What is required
Could you repeat, word for word, the line with "Blue self-design casual" and every line after it in the records below, leaving out any pictures?

Records from a dataset

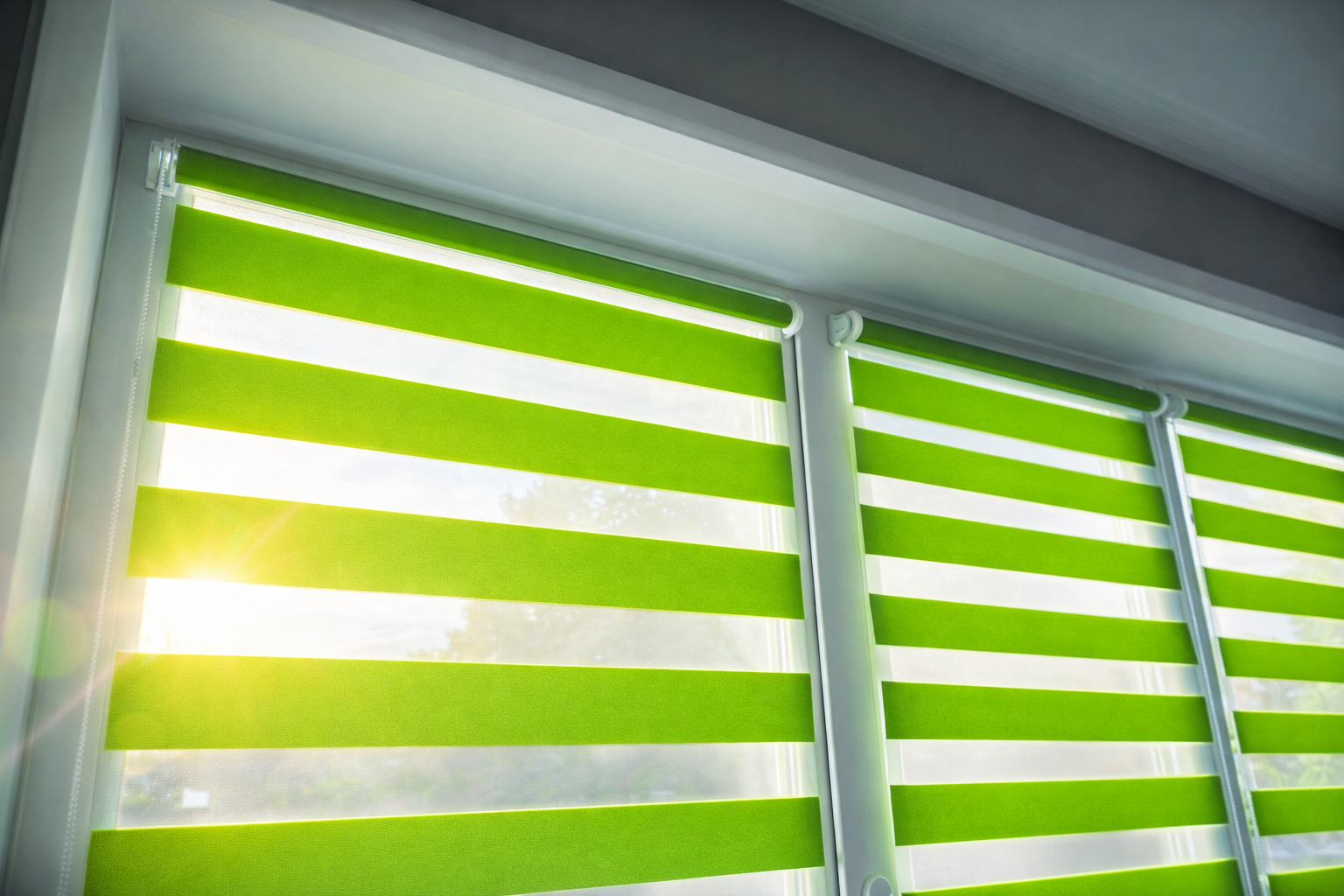 «Зебра» состоит из двух полос: прозрачной и непрозрачной, чередующихся друг с другом. Уникальный механизм позволяет регулировать световой поток за счет совмещения полос. Системы механизмов для «Зебры» бывают как универсальные, так и кассетные, поэтому устанавливать их можно как на проемы, так и на створки пластиковых окон. Минимальный размер 38х38
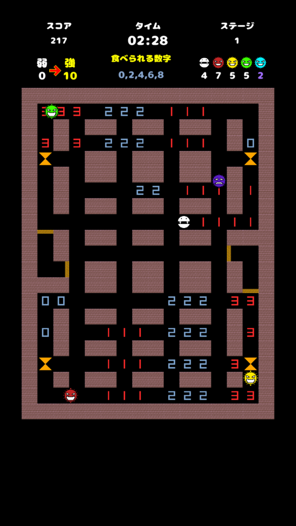 Note that not only the strength but also [Numbers that the number eater can eat] changes when the number eater or enemies touch [Hourglass] in the maze.
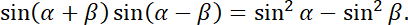 Aby udowodnić tożsamość przekształć jej lewą stronę. Zacznij od wykorzystania wzorów na sinus sumy i różnicy kątów. Następnie skorzystaj ze wzoru skróconego mnożenia na różnicę kwadratów, a kolejno z wzoru
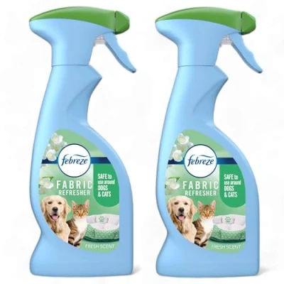 PET ODOUR ELIMINATION MULTIPACK: This convenient bundle contains 2 x 375ml spray bottles of Febreze Fabric Refresher designed specifically for tackling pet smells, giving you a total of 750ml. FIGHTS TOUGH SMELLS, DOESN'T MASK: Don't just cover up dog and cat odours. Febreze's OdourClear technology seeks out tough, lingering smells trapped in fabrics and eliminates them completely to ensure they don't come back. FOR HARD-TO-WASH FABRICS: The perfect solution for refreshing items you can't put in the washing machine. Ideal for use on sofas, curtains, carpets, pet beds, car seats, and upholstery. PET-SAFE FORMULA: The water-based formula is dermatologically tested and safe to use on fabrics around cats and dogs when used as directed. LIGHT FRESH SCENT: Leaves your fabrics smelling clean with a light, pleasant fresh fragrance, restoring an inviting atmosphere to your home.
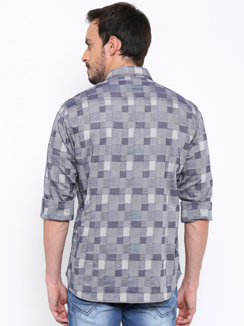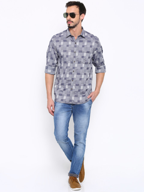 Blue self-design casual shirt, has a spread collar, button placket, long sleeves, a chest pocket, curved hem
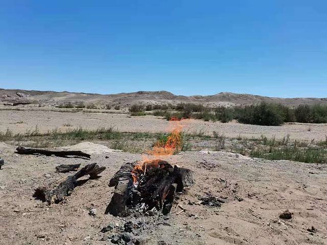 我们找到一处树下阴地,用石头搭起了烤架,开始了愉快的户外BBQ,吃上了敦煌特色的漠葛家秘制红柳烤肉,羊肉一点都不腻,非常的好吃。还有当地的特色饮品杏皮水,酸酸甜甜,以及最简单的快乐肥宅水,但是这可是在户外沙漠大树下,加倍的自然,加倍的放松,无限的快乐!就好比在太空飞船里吃冰淇淋和在大街上吃冰淇淋相比,愉悦的等级截然不在一个层面上。餐后在沙漠的河边喝着饮料吃着西瓜,真的是件很美妙的事情,在沙漠中的西瓜像是被注入了魔力般,清甜至极,甘爽透心。哇咔咔,好甜的夏天!
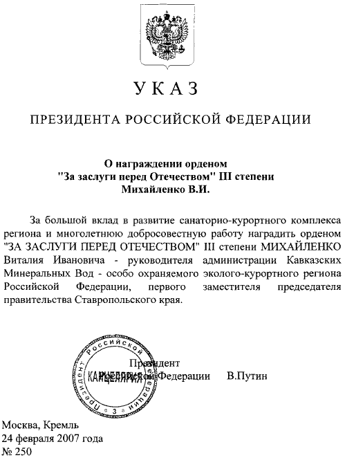 О награждении орденом "За заслуги перед Отечеством" Михайленко Виталия Ивановича

Solution to this exercise
 Blue self-design casual shirt, has a spread collar, button placket, long sleeves, a chest pocket, curved hem
 我们找到一处树下阴地,用石头搭起了烤架,开始了愉快的户外BBQ,吃上了敦煌特色的漠葛家秘制红柳烤肉,羊肉一点都不腻,非常的好吃。还有当地的特色饮品杏皮水,酸酸甜甜,以及最简单的快乐肥宅水,但是这可是在户外沙漠大树下,加倍的自然,加倍的放松,无限的快乐!就好比在太空飞船里吃冰淇淋和在大街上吃冰淇淋相比,愉悦的等级截然不在一个层面上。餐后在沙漠的河边喝着饮料吃着西瓜,真的是件很美妙的事情,在沙漠中的西瓜像是被注入了魔力般,清甜至极,甘爽透心。哇咔咔,好甜的夏天!
 О награждении орденом "За заслуги перед Отечеством" Михайленко Виталия Ивановича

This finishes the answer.